▶ [INPUT DATA]
━━━━
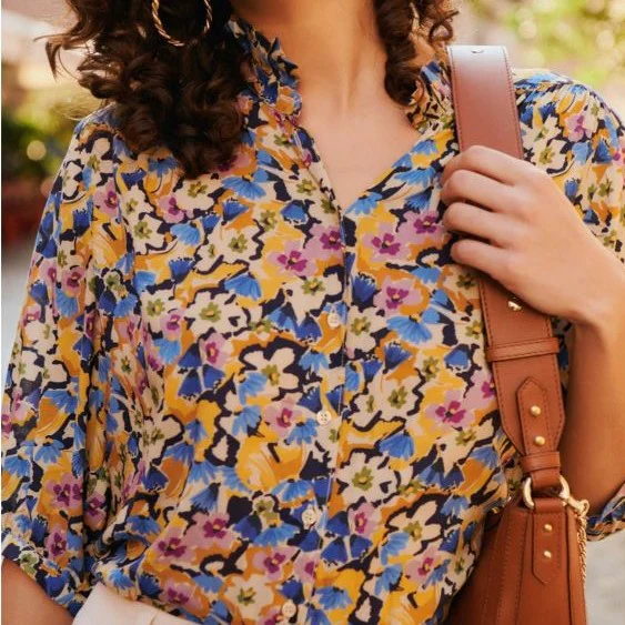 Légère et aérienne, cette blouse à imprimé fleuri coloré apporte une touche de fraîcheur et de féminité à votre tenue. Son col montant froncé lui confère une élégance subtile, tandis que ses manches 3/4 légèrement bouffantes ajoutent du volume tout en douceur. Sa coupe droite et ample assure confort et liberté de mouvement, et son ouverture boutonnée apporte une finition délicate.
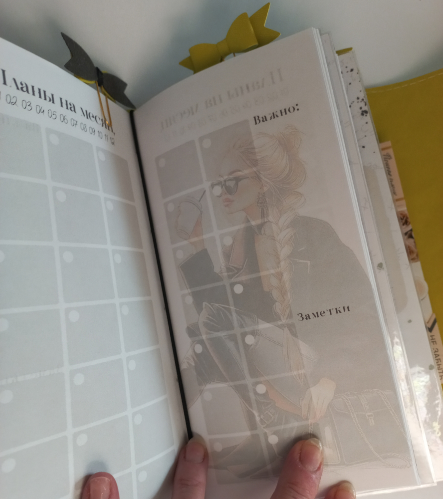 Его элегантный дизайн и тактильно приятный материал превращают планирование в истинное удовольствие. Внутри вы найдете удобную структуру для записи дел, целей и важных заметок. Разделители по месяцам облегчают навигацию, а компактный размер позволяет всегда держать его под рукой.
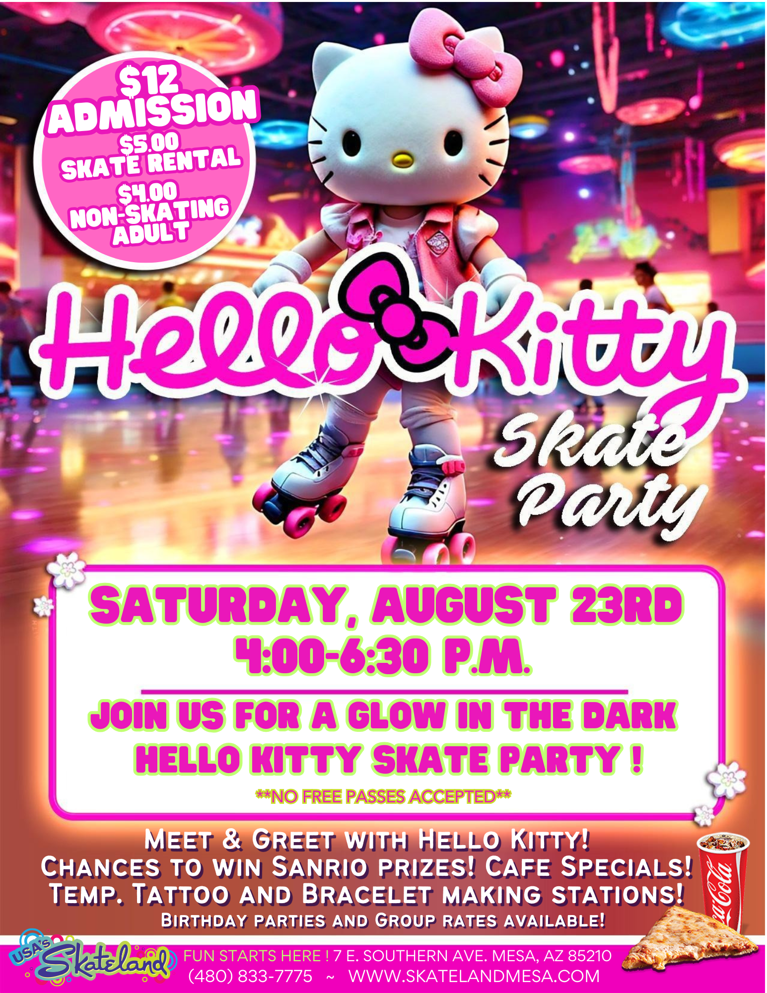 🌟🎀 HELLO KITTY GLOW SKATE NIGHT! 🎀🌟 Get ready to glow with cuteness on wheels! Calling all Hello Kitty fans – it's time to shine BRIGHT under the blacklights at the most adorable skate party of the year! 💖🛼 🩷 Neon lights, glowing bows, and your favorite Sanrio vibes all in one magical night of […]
━━━━
▶ [TASK BRIEF]
Set down the material again exactly. Don't carry over any pictures.

▶ [ANSWER BELOW]
 Légère et aérienne, cette blouse à imprimé fleuri coloré apporte une touche de fraîcheur et de féminité à votre tenue. Son col montant froncé lui confère une élégance subtile, tandis que ses manches 3/4 légèrement bouffantes ajoutent du volume tout en douceur. Sa coupe droite et ample assure confort et liberté de mouvement, et son ouverture boutonnée apporte une finition délicate.
 Его элегантный дизайн и тактильно приятный материал превращают планирование в истинное удовольствие. Внутри вы найдете удобную структуру для записи дел, целей и важных заметок. Разделители по месяцам облегчают навигацию, а компактный размер позволяет всегда держать его под рукой.
 🌟🎀 HELLO KITTY GLOW SKATE NIGHT! 🎀🌟 Get ready to glow with cuteness on wheels! Calling all Hello Kitty fans – it's time to shine BRIGHT under the blacklights at the most adorable skate party of the year! 💖🛼 🩷 Neon lights, glowing bows, and your favorite Sanrio vibes all in one magical night of […]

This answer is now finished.